Since you use PELT for the update, you're bound to use rq_clock_pelt().
If we could have PELT with two time values, then we could have
'util_avg' and 'invariant util_avg' to cure the slow ramp-up on tiny CPU
and/or low OPPs and we wouldn't have to add all of this extra code.
[...]
> @@ -4744,8 +4760,15 @@ static inline void update_load_avg(struct cfs_rq *cfs_rq, struct sched_entity *s
> * Track task load average for carrying it to new CPU after migrated, and
> * track group sched_entity load average for task_h_load calculation in migration
> */
> - if (se->avg.last_update_time && !(flags & SKIP_AGE_LOAD))
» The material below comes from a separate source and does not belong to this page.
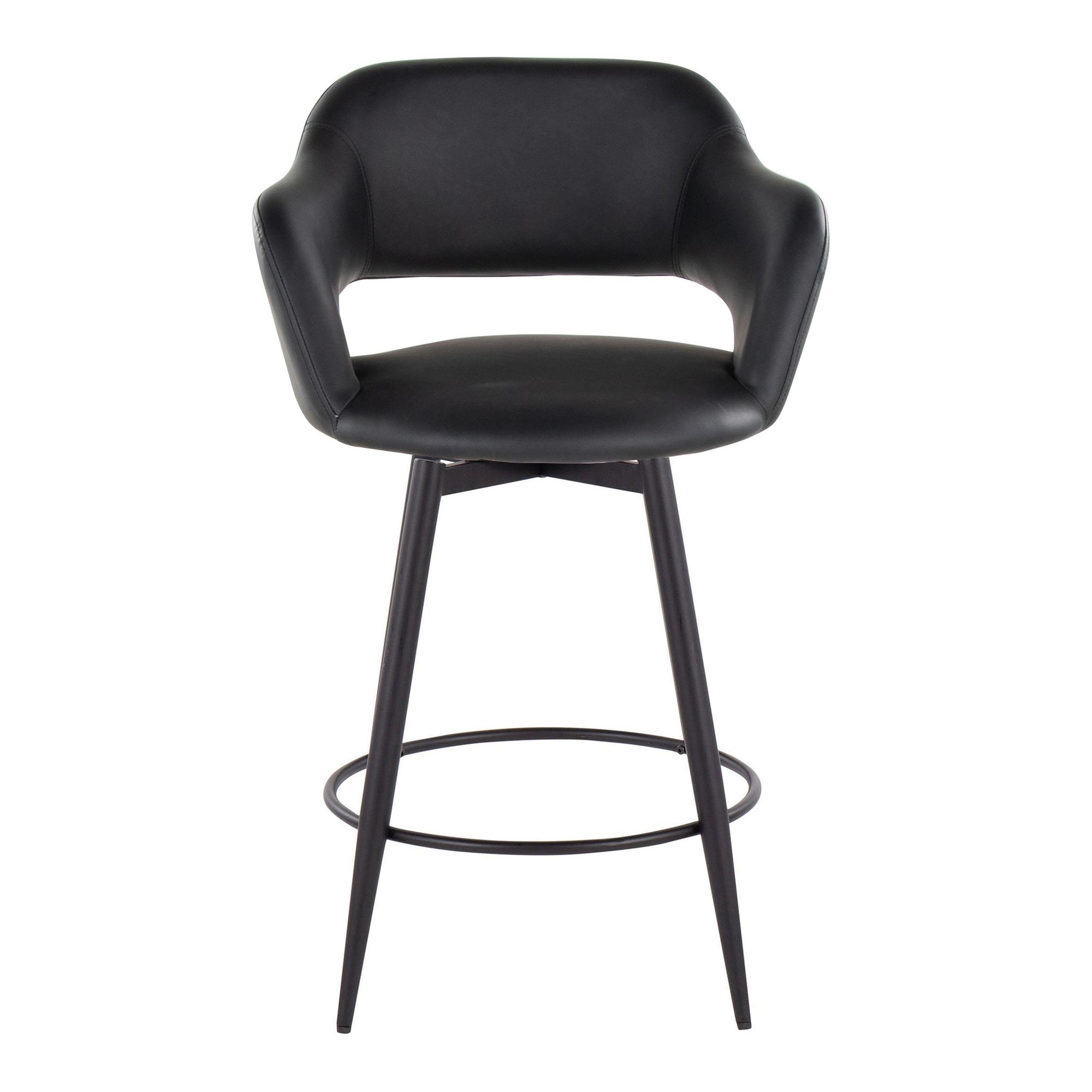 Add a modern touch to your man cave with these stylish counter stools. Sold in pairs, these 26-inch high stools feature a fixed counter height and a convenient 360-degree swivel. Relax with the ergonomic cut-out backrest and armrests, plus a handy built-in footrest. The sleek faux leather upholstery and tapered metal legs create a contemporary look. Assembly is required, and each stool supports up to 250 lbs. Perfect for your bar or game room!

> + if (se->avg.last_update_time && !(flags & SKIP_AGE_LOAD)) {
> + bool update_rq_waiting_avg = entity_is_task(se) && se_runnable(se);
> +
> + if (update_rq_waiting_avg)
> + sub_waiting_avg(&rq_of(cfs_rq)->cfs, se);
> __update_load_avg_se(now, cfs_rq, se);
> + if (update_rq_waiting_avg)
> + add_waiting_avg(&rq_of(cfs_rq)->cfs, se);
> + }
That's a pretty convoluted design. util_est-style attach/detach within
the PELT update but only for tasks and not all se's.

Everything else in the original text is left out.